_Required work_
No pictures go in the copy. Restate, word for word, each line from the one containing "PASO 2. En la" through the last line below.

_Given data_
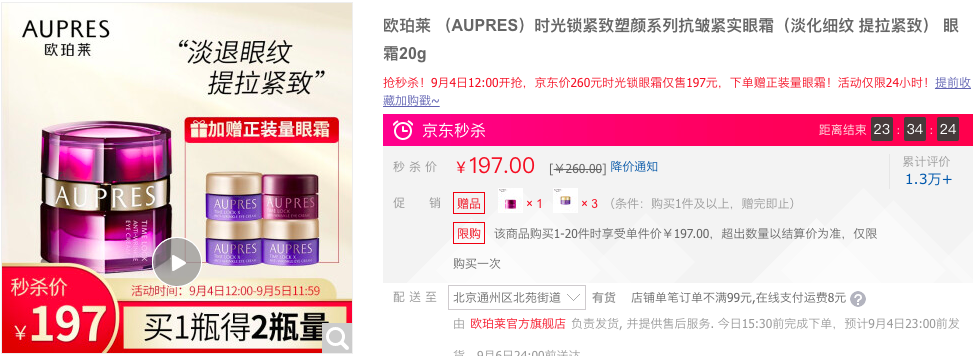 👆活动价:197 元 / 40g👆 欧珀莱这款眼霜又被称为“眼部小熨斗”,蕴含 8 种植物成分促进眼周胶原蛋白生成,对于眼周干燥、细纹、暗淡和松弛等问题都有改善。而且质地柔润易吸收,很适合抗初老和轻熟龄肌使用。在其京东旗舰店日常价 260 元 / 20g,秒杀价 197 元,买送小紫钻眼霜 5g*3 + 同款眼霜 5g,相当于买 1 送 1,活动截至明天中午,好价可入。
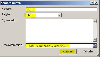 PASO 2. En la Hoja2, en cada celda donde tienes cada foto deberás poner un nombre de celda, para mi ejemplo a cada celda la voy a nombrar como "celda1", "celda2", "celda3", etc.
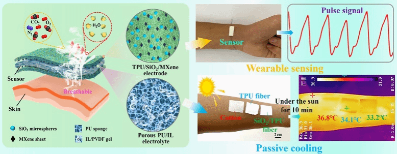 针对柔性传感器穿戴舒适性不足与散热性差的问题,本工作提出了一种具有人体热管理功能的可呼吸离子式柔性触觉传感器。该传感器是三明治结构,喷涂有二维片层结构MXene的热塑性聚氨酯弹性体(TPU)/SiO2纳米纤维作为电极;裹覆阴阳离子的聚氨酯海绵作为电解质。得益于海绵的微纳孔隙结构与超级电容原理,使得传感器具有105.77 kPa−1的超高灵敏度与30ms的超快响应时间;得益于SiO2与TPU纳米纤维的高反射率,使得传感器可以降低皮肤温度3℃。同时,得益于TPU纳米纤维的疏水性与孔隙结构,传感器展示出良好的疏水性与透气性,可以保证长时间穿戴舒适性与监测精度。在与匹配电路形成传感系统后,可以实时、精确监测人体脉搏、肢体运动等信号,为人体健康监测与人体热管理双功能器件的开发提供了一种思路,为柔性电子的发展奠定良好基础。该成果的刊发表明我院在柔性传感领域的研究得到国际同行的认可,推动了我校机械工程学科的发展。

_Problem solution_
 PASO 2. En la Hoja2, en cada celda donde tienes cada foto deberás poner un nombre de celda, para mi ejemplo a cada celda la voy a nombrar como "celda1", "celda2", "celda3", etc.
 针对柔性传感器穿戴舒适性不足与散热性差的问题,本工作提出了一种具有人体热管理功能的可呼吸离子式柔性触觉传感器。该传感器是三明治结构,喷涂有二维片层结构MXene的热塑性聚氨酯弹性体(TPU)/SiO2纳米纤维作为电极;裹覆阴阳离子的聚氨酯海绵作为电解质。得益于海绵的微纳孔隙结构与超级电容原理,使得传感器具有105.77 kPa−1的超高灵敏度与30ms的超快响应时间;得益于SiO2与TPU纳米纤维的高反射率,使得传感器可以降低皮肤温度3℃。同时,得益于TPU纳米纤维的疏水性与孔隙结构,传感器展示出良好的疏水性与透气性,可以保证长时间穿戴舒适性与监测精度。在与匹配电路形成传感系统后,可以实时、精确监测人体脉搏、肢体运动等信号,为人体健康监测与人体热管理双功能器件的开发提供了一种思路,为柔性电子的发展奠定良好基础。该成果的刊发表明我院在柔性传感领域的研究得到国际同行的认可,推动了我校机械工程学科的发展。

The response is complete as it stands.